Read The Elephant to Hollywood Online
Authors: Michael Caine
When Peter went off to make
Lawrence of Arabia
– the film that would rocket him to stardom – I took over his part in
The Long and the Short and the Tall
on tour. Playing one of the leads in a really good play with a talented cast (the other was the exceptional Frank Finlay) was just what I needed to give me my confidence back and I returned to London after four months travelling the country certain, once again, that I was on the right path. When I got back I moved in to a shared house in Harley Street with ten other guys, including a young actor called Terence Stamp – a fellow Cockney, like me – whom I had met on tour. I’d taken Terry under my wing and initiated him into some of the secrets of a happy touring life, including how to grab the best room in the boarding house and the rather more specialised significance of the Ivor Novello show
The Dancing Years
. This show was almost always on tour somewhere in the country and if you coincided with it, your luck was in. Set in Ruritania, it featured a large cast of village maidens and village lads and was known in the trade as
The Dancing Queers
as the village lads always seemed to be gay. This left a crowd of village maidens at something of a loss – although not for long if Terry and I were in town.

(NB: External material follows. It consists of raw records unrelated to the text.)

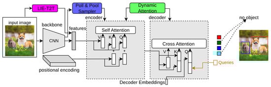 The structure of the original DETR after the addition of WB-DETR [26], PnP-DETR [27], and Dynamic-DETR [28]. Here, the network is a simple DETR network, along with improvement indicated with small colored boxes. The Magenta block indicates WB-DETR, the blue block indicates PnP-DETR, and the green box represents Dynamic-DETR.
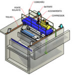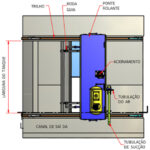 – Ciclo de operação: No início de cada ciclo a ponte é posicionada na extremidade posterior do tanque onde o braço raspador de Superfície está na posição “baixa”, no tanque e inicia-se o movimento. A ponte ao chegar na extremidade anterior do tanque, automaticamente estaciona e inicia-se o mecanismo de levantamento do braço e retorna com o braço recolhido até a outra extremidade, onde inicia-se novamente o ciclo. Os controles de parada e movimentação da ponte e do braço são feitos por chaves fim de curso.
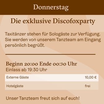 Auch bei der exklusiven Sonnenhof-Discofoxparty am Donnerstag ist pures Tanzvergnügen garantiert.

Unfortunately there was one lesson I didn’t teach Terry, which is never to reveal a friend’s whereabouts. I was in bed one morning in Harley Street sleeping off a hangover when I was roughly shaken awake. Two big men in ill-fitting suits loomed over me. ‘Maurice Joseph Micklewhite?’ It had been a long time since anyone had called me that; it must be serious. ‘You are under arrest for the non-payment of maintenance to Patricia and Dominique Micklewhite.’ ‘How did you know where I was?’ I asked as they escorted me to Marlborough Street Magistrates’ Court. ‘A Mr Stamp was very helpful,’ one of them replied enigmatically. If I got out of this mess, I vowed, Terry would be sorted out.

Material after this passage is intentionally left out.